CGP37157 is a potent, selective inhibitor of Na⁺/Ca²⁺ exchanger, inhibiting the Na⁺-induced Ca²⁺-release from guinea-pig heart mitochondria, with an IC₅₀ of 0.8 μM. IC50 & Target: IC50: 0.8 μM (Na⁺/Ca²⁺ exchanger)^[1] In Vitro: CGP37157 (Compound XVI) is a potent, selective inhibitor of Na⁺/Ca²⁺ exchanger, inhibiting the Na⁺-induced Ca²⁺-release from guinea-pig heart mitochondria, with an IC₅₀ of 0.8 μM^[1]. CGP37157 (10 μM) shows inhibitory effect on mitochondrial Na⁺/Ca²⁺ exchanger in cortical neurons, modulates intracellular Ca²⁺ levels via suppresssing voltage-gated calcium channels, and reduces NMDA-induced cytosolic and mitochondrial Ca²⁺ overloads.
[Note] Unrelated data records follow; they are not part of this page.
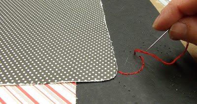 I used a floss threader (used by people who have braces to floss) and threaded the ribbon thru the holes.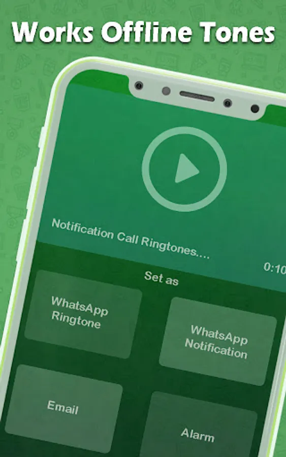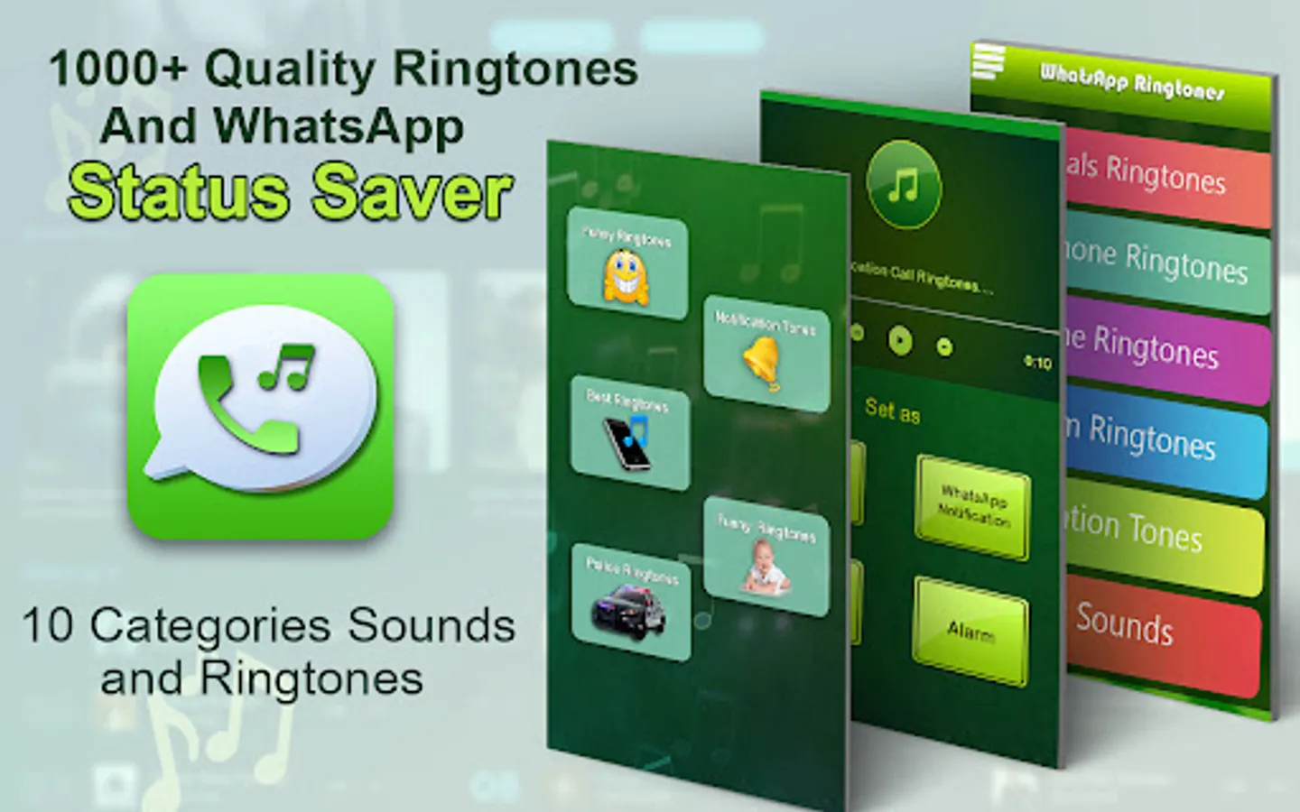 The Notification tones for WhatsApp are selected carefully with high quality, uniqueness: Funny best ringtones, Baby ringtones, Animal ringtones, WhatsApp Message tones, Pop, Rock, Hip-hop, Country, Ringtones remix, Christian & Gospel, Bollywood, Alarm.
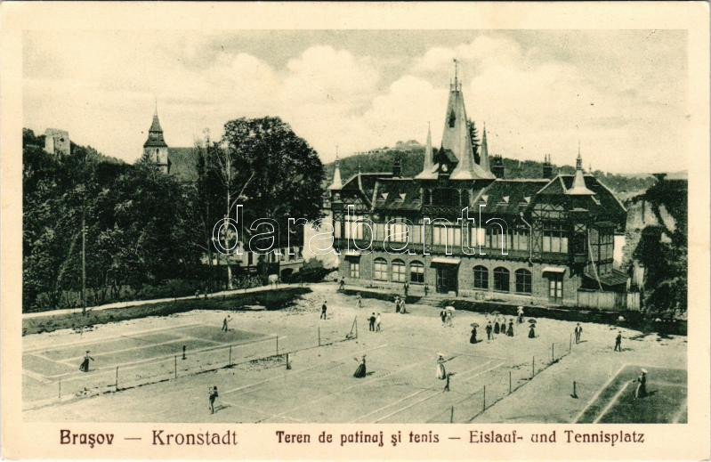 Brassó, Kronstadt, Brasov; Teren de patinaj si tenis / Korcsolyapálya és teniszpálya teniszezőkkel. W. Hiemesch kiadása / Eislauf- und Tennisplatz / skating rink and tennis courts with tennis players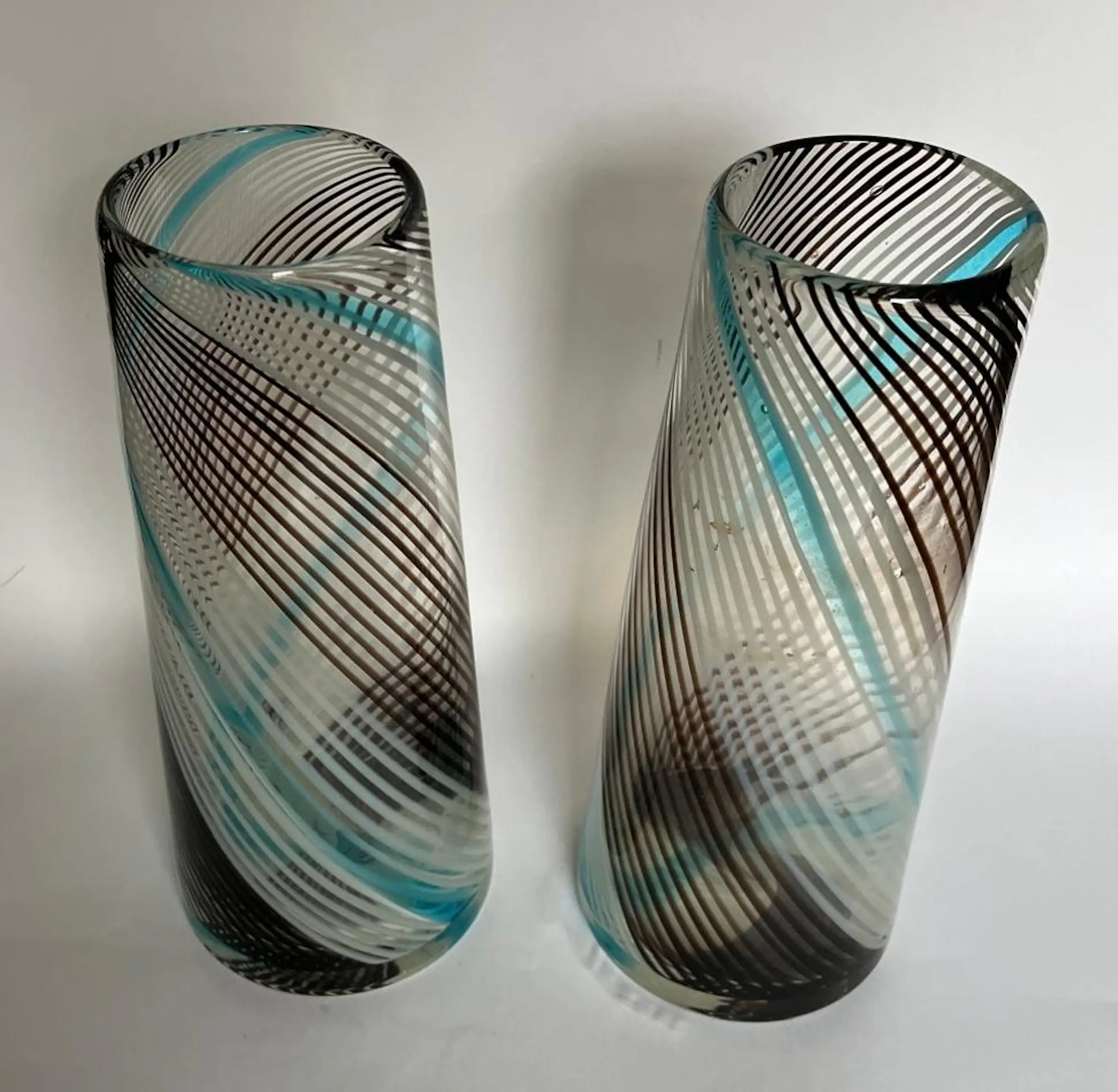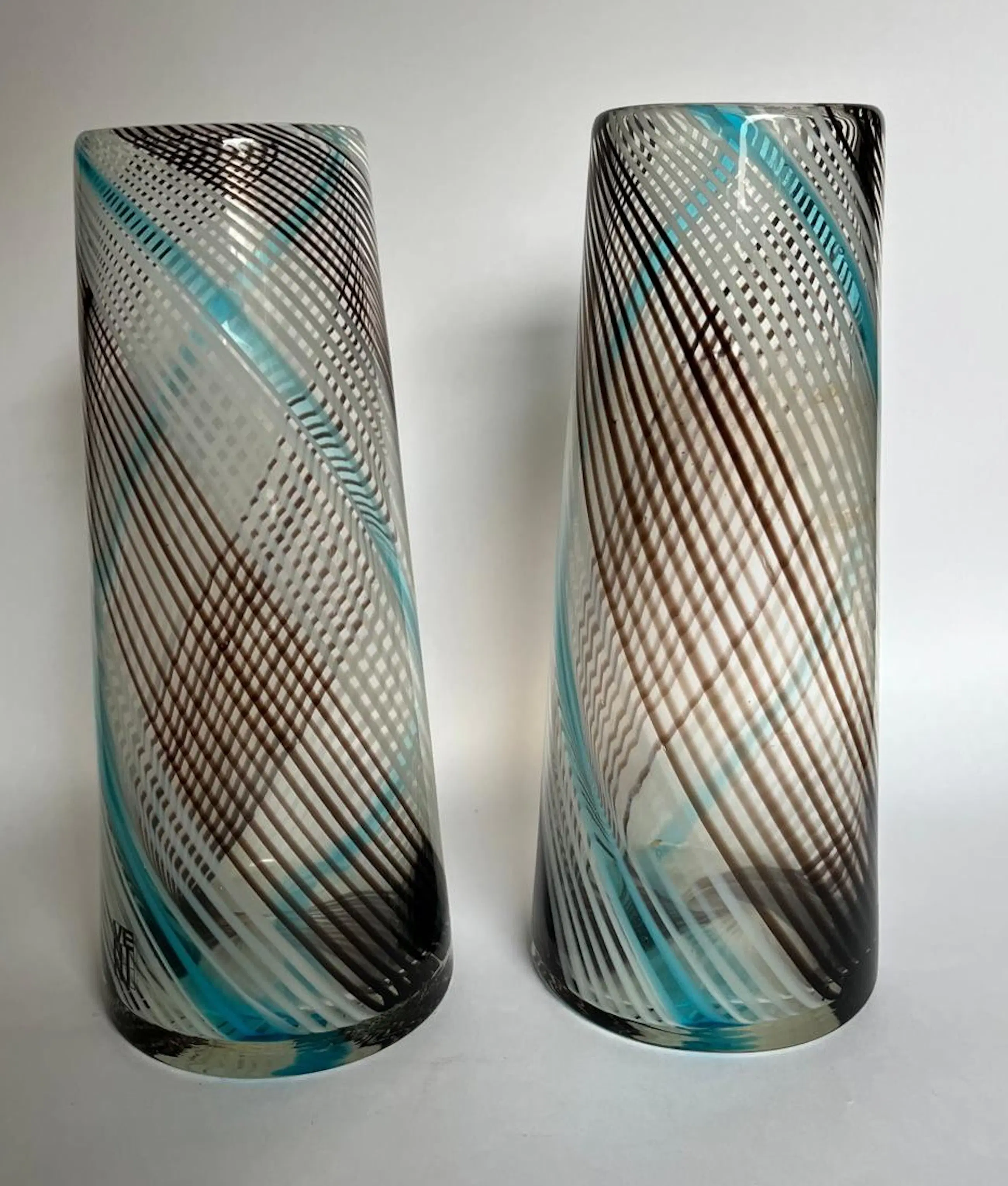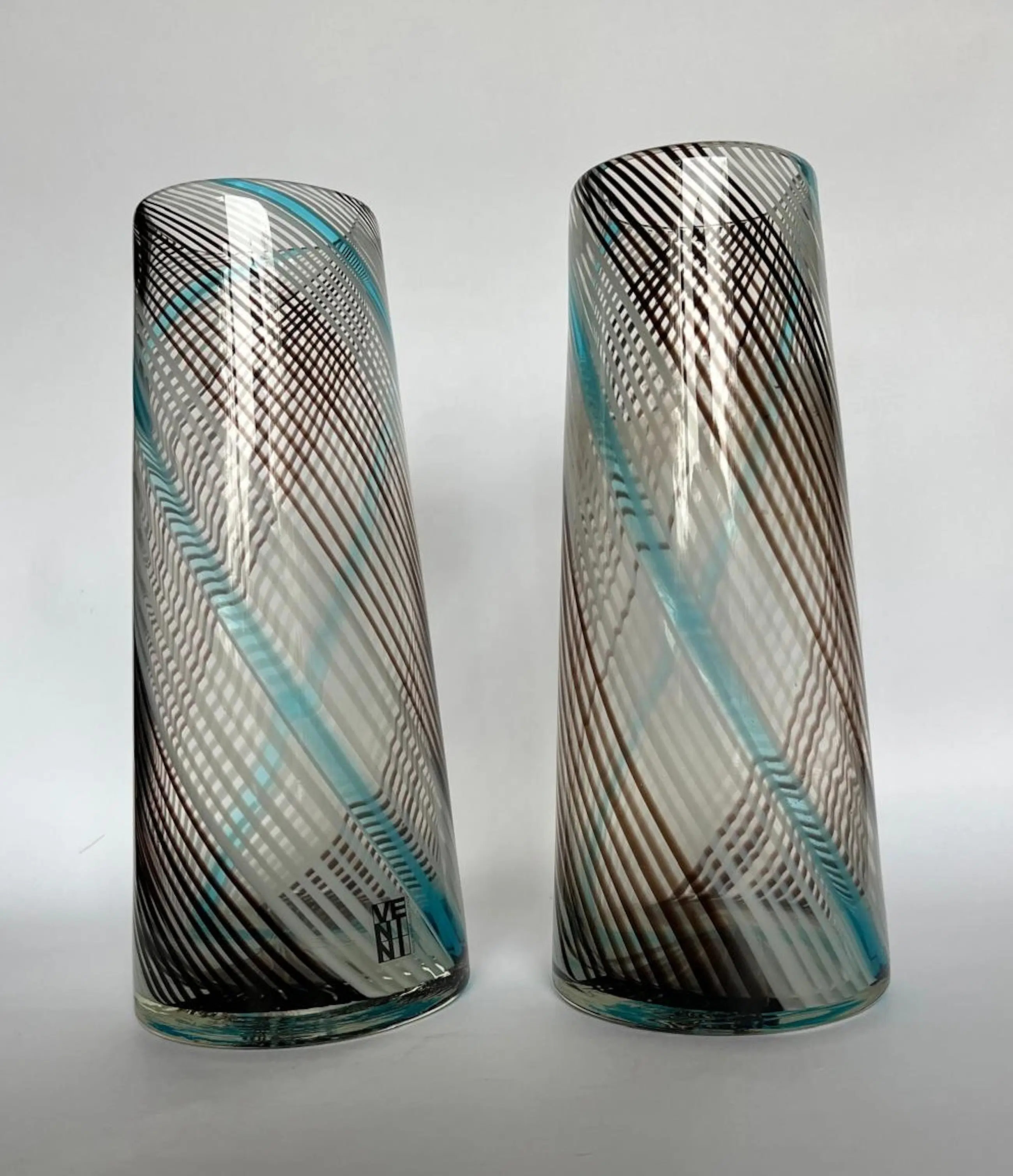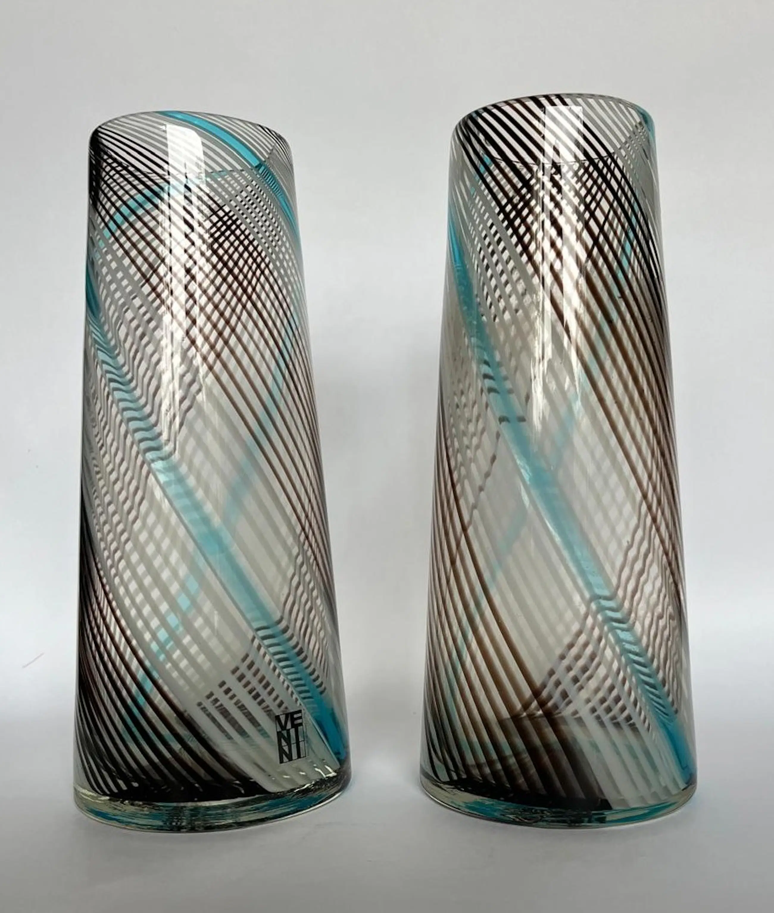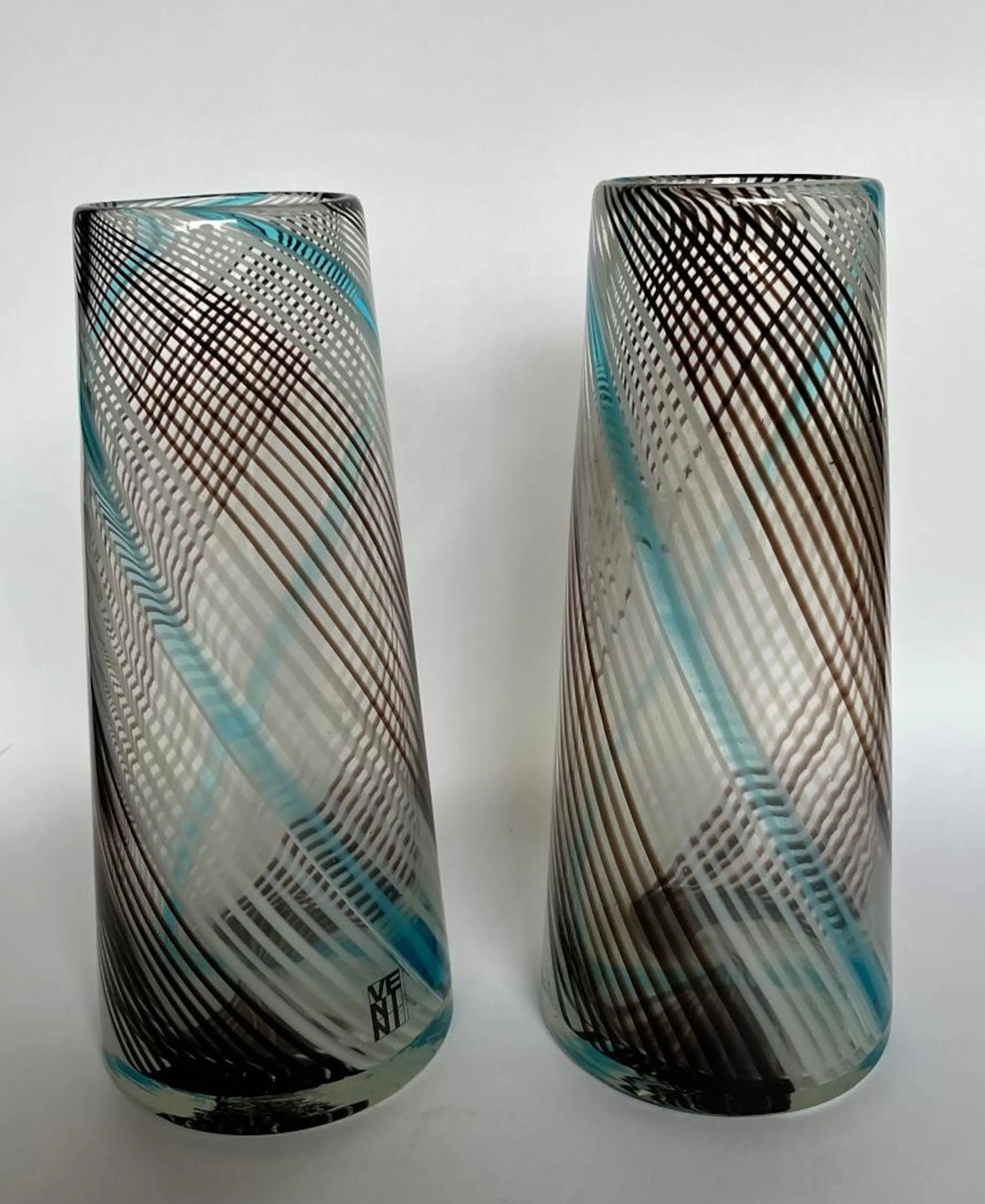 1 vaas is ongemarkeerd de 2e heeft een stikker van Venini, gepolijst pontil aan de onderkant.

CGP37157 (10 μM) also reduces NMDA-induced excitotoxicity, and such an effect is via attenuating mitochondrial damage and calpain activity in neurons^[2]. CGP37157 (10 μM) in combination with salinomycin significantly attenuates cell viability and increases apoptosis of FaDu and HLaC79 cells. Moreover, CGP37157 has no inhibitory effect on salinomycin tumor toxicity^[3].